Si les crédits hypothécaires à risques des USA ont déclenché la crise financière, ne généralisons pas, ne faisons pas d’amalgames infondés et ne jetons surtout pas le bébé avec l’eau du bain ! La tristement célèbre crise des subprimes n’est que la conséquence d’une pratique financière aberrante ayant consisté à endetter des américains qui n’avaient pas les moyens de rembourser puis de revendre ces dettes ” titrisées ” sur le marché mondial. Ni le principe ni le fondement du crédit ne sont en cause.

Le crédit reste un outil fondamental de l’économie moderne, du développement des pays et des entreprises et du bien être des peuples à qui il permet d’accéder à un grand nombre de biens indispensables, au premier rang desquels le logement.

Certes, il doit être utilisé raisonnablement et sa distribution, notamment en direction des plus faible, doit être encadrée par des règles éthiques.Mais, c’est un moyen de maintenir la consommation des français pour passer la crise avec le moins de dégâts possible dans notre tissus économique et social.

Sans attendre de nouvelles mesures qui s’ébauchent pour favoriser le recours au crédit, il existe une technique qui permet tout à la fois de redonner immédiatement du pouvoir d’achat aux nombreux français souffrant d’un endettement excessif sans pour autant se trouver en situation de surendettement et dont le nombre est estimé à cinq millions, ce qui est loin d’être négligeable, tout en ” consolidant ” leur endettement et en augmentant leur solvabilité : le rachat de crédits.

Cette technique bancaire initialement destinée à corriger un malendettement et prévenir le surendettement connaît depuis quelques années un succès qui ne se dément pas en cette période de crise, même si l’augmentation récente des taux a freiné le développement du rachat de crédit hypothécaire. A ce niveau également, une baisse des taux, fut-elle minime, sera bénéfique.

Pour les banques également, le regroupement de crédits présente de nombreux avantages, mêmes s’il sont relativement marginaux : C’est essentiellement un ” recyclage ” de capitaux déjà libérés qui leur apporte des liquidités, une rémunération sous forme de frais, des garanties nouvelles et, surtout, qui ” resolvabilise ” un grand nombre d’emprunteurs qui se trouvent en situation plus ou moins critique, évitant ainsi d’augmenter un taux de défaillances, certes encore supportable, mais orienté à la hausse ( +15% au premier semestre 2008 pour les crédits à la consommation). Or, même si le marché est aujourd’hui mature, il reste un potentiel très important à exploiter qui est un atout pour les établissements de crédits français.

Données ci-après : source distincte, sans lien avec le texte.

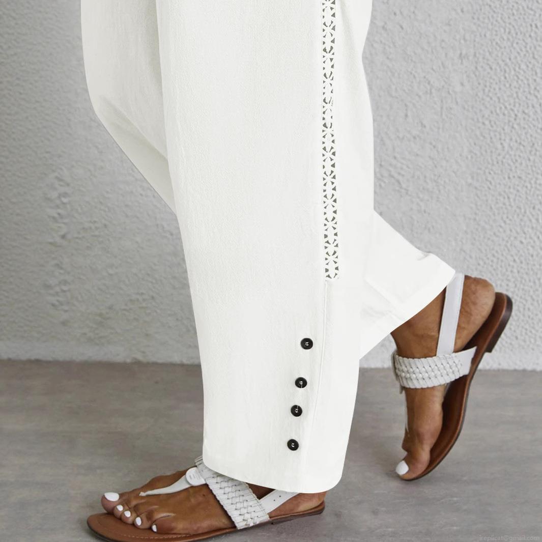 Women's Wide Leg Casual Pants Cotton Linen Texture Hollow Out Lace Trim Drawstring Elastic Waist Straight Trousers With Side Buttons For Summer Daily Commute Fashion

Le marché de la restructuration financière des particuliers est crédité d’une croissance annuelle de 20% pour les prochaines années.

Lorsque l’intérêt des uns et des autres coïncident à ce point, gageons que l’avenir du rachat de crédits ne sera pas compromis par la crise financière ni victime d’un effet ” credit crunch “.

Il en est de l’économie comme de l’écologie, c’est en accumulant les pratiques vertueuses que nous guérirons nos maux actuels. Le rachat de crédits en est une qu’il faut promouvoir.